Si cette ardeur à poursuivre le vrai doit nous posséder, c’est surtout quand il s’agit des problèmes qui intéressent la conduite des individus et des sociétés ; là c’est une sorte de devoir que de chercher de quel côté est le devoir et de quel côté doit marcher l’humanité. Or, au fond, tout le débat sur les questions morales et sociales, dont nous venons de voir l’importance croissante, peut se ramener dans son principe au débat des partisans de l’intérêt et des partisans de la vertu méritoire, des Epicuriens et de leurs adversaires. — Le devoir proprement dit existe-t-il ? la moralité proprement dite existe-t-elle ? avons-nous du mérite à faire ce que nous croyons le bien ? — Ou en fait, devoir, moralité, mérite sont-ils simplement (comme il y a beaucoup de raisons pour le croire) des expressions plus ou moins figurées, que l’humanité a fini par prendre au sens propre ? Faut-il remplacer le devoir par l’intérêt commun, la moralité par l’instinct, par l’habitude héréditaire ou par le calcul, le mérite de l’action par la jouissance de l’objet même en vue duquel on agissait ? — Telle est dans sa simplicité la question soulevée autrefois par Epicure, qui, après avoir traversé les siècles, répétée comme d’écho en écho par les plus grands esprits, arrive jusqu’à nous et nous demande une réponse. Nous en savons déjà assez sur la morale épicurienne et sur son développement à travers les siècles pour comprendre quelle est la force de ce système : la force ou la faiblesse d’une doctrine philosophique peut se mesurer le plus souvent à sa durée, à sa persistance. Une partie de l’humanité a cru que la vie avait pour but unique l’intérêt ; elle l’a cru sincèrement, elle l’a soutenu courageusement ; une partie de l’humanité le croit et le soutient encore. Si ce n’est pas la toute la vérité, au moins doit-il y avoir là une grande part de la vérité. Une telle doctrine mérite donc l’examen le plus consciencieux.

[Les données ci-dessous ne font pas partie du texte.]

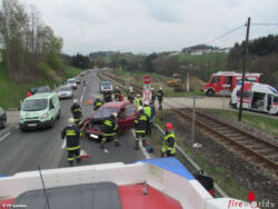 FELDKIRCHEN AN DER DONAU (OÖ): Donnerstagnachmittag, 7. April 2016, wurde die Freiwillige Feuerwehr Lacken zu einem Zugsunfall auf der Rohrbacher Straße (B127) alarmiert. Eine 45-jährige Frau aus Feldkirchen hatte einen Triebwagen übersehen und ist mit diesem zusammengestoßen. Die Lenkerin und ihr mitfahrender 10-jährige Sohn kamen mit dem Schrecken davon.

Les doctrines ont leur vie, comme les individus ; elles naissent, elles croissent, elles s’épanouissent ; elles ont leur fleur de jeunesse, elles ont dans leur maturité la vigueur virile ; elles ont aussi parfois leur déclin, — mais pas toujours, — et il en est qui sont immortelles. Pour bien connaître une doctrine, il est bon de l’avoir accompagnée en quelque sorte dans sa marche et ses progrès, d’avoir vécu avec elle. Comment espérer connaître ceux qu’on ne verrait qu’en passant, en un jour, sous un seul aspect ? Lorsque la doctrine épicurienne se sera déroulée devant nous tout entière, sous toutes ses apparences multiples, alors seulement on pourra espérer la connaître et connaître ce qu’il y a en elle de vrai ou de faux ; alors aussi on pourra essayer de la juger, — jugement qui ne sera jamais sans appel ; car une doctrine a toujours l’avenir devant elle pour se relever au besoin, et ni l’histoire des systèmes ni leur critique ne sont jamais finies.

  1. Diog. Laërt., x, 9.
  2. Voir Cicéron, Tuscul., iv, init. ; Acad., i, 2 ; Lettres fam., xv, 19. — Les premiers écrivains philosophes à Rome furent les épicuriens Amafinius, Rabirius et Catius, — des prosateurs fort médiocres, d’après Cicéron ; — puis vint le grand poète et philosophe Lucrèce.
  3. Tusc., iv, 3. De fin., II, xiv.
  4. Alex., 61.
  5. Confessions, VI, xvi. « Disputabam cum amicis meis Alypio et Nebridio de finibus bonorum et malorum : Epicurum accepturum fuisse palmam in animo meo, nisi ego credidissem post mortem restare animæ vitam et fructus meritorum, quod Epicurus credere noluit. Et quærebam, si essemus immortales et in perpetua corporis voluptate sine ullo amissionis terrore viverernus, cur non essemus beati, aut quid aliud quæreremus ? » — C’était une simple question de temps qui séparait alors Saint Augustin d’Épicure.